Cod fish with an emulsion of fingerling potatoes
- 1kg of fingerling potatoes
- 20 cl of milk
- 10 cl of liquid whipping cream
- 30g butter
- 1 tsp ground nutmeg
- 1 tsp cumin
- Salt and pepper
- For the cod:
- 4 portions of cod fillet
- 30g flour
- 20g parmesan
Level of difficulty Easy
Preparation time 20mins
Cooking time 30mins
Cost Average budget
Put the potatoes in a pot of water with nutmeg, cumin and salt, put on the heat. Once boiling, cook for 20 minutes.
Heat the milk and cream in a saucepan until simmering.

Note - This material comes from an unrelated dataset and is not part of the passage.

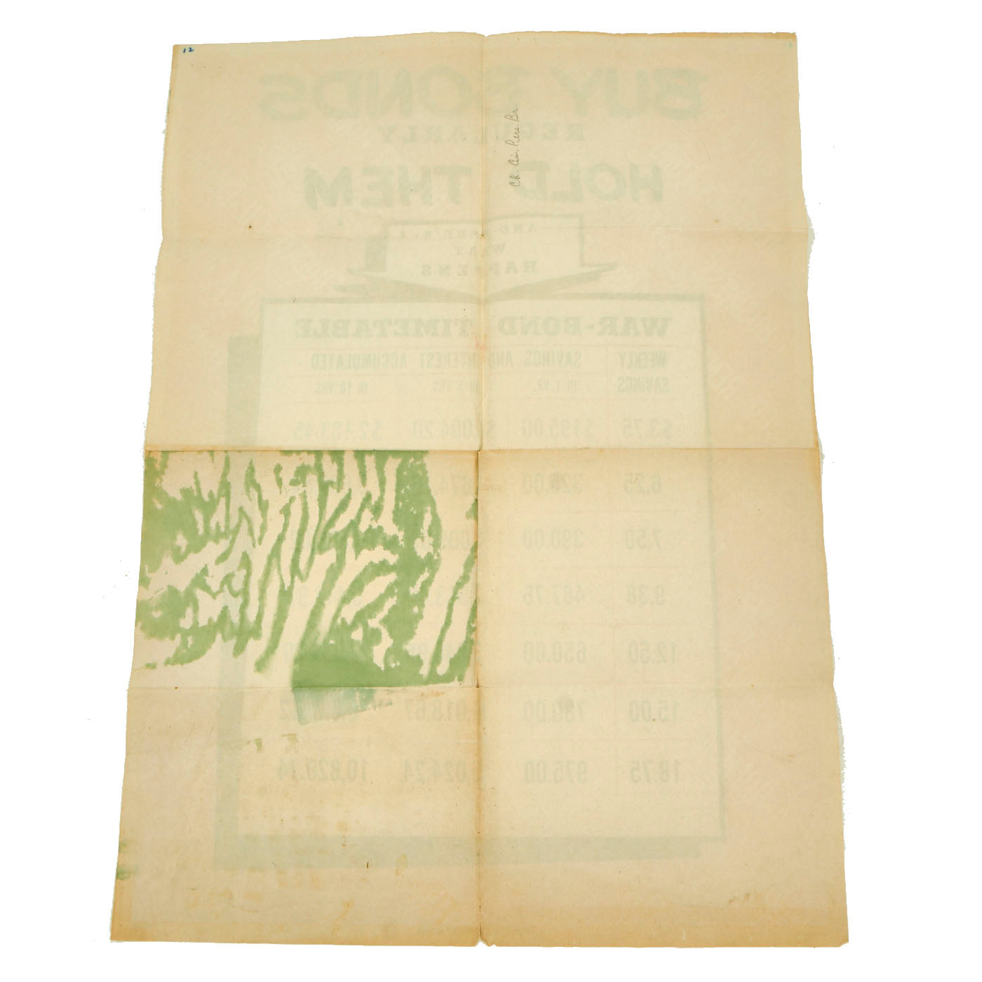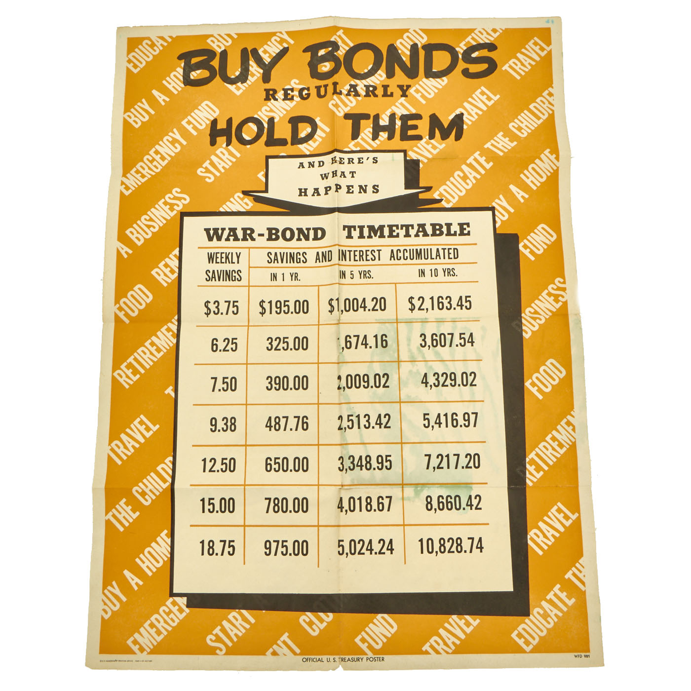 - 28” x 20” War Bonds Time Table Poster: The poster shows the War Bonds interest accumulated table. It shows what your weekly savings would be and money accumulated in 1 year, 5 years and 10 years.

Meanwhile go to Step 3.
Once the potatoes are cooked, peel them and put them in a blender with the butter and cream / hot milk mixture. Season with salt and nutmeg.
This preparation must be of elastic consistency. Put in a 1l cream whipper, turn upside down with the gas and shake once. Leave aside in a bain barie to keep warm.
Mix the flour and parmesan. Pepper. Coat the cod in this preparation. Cook 4 minutes on both sides.
Place the fish on the plate (can be served on a homemade coulis of peppers), shake the whipper and squirt the emulsion in a small glass (verrine).
Serve immediately as the emulsion drops quickly.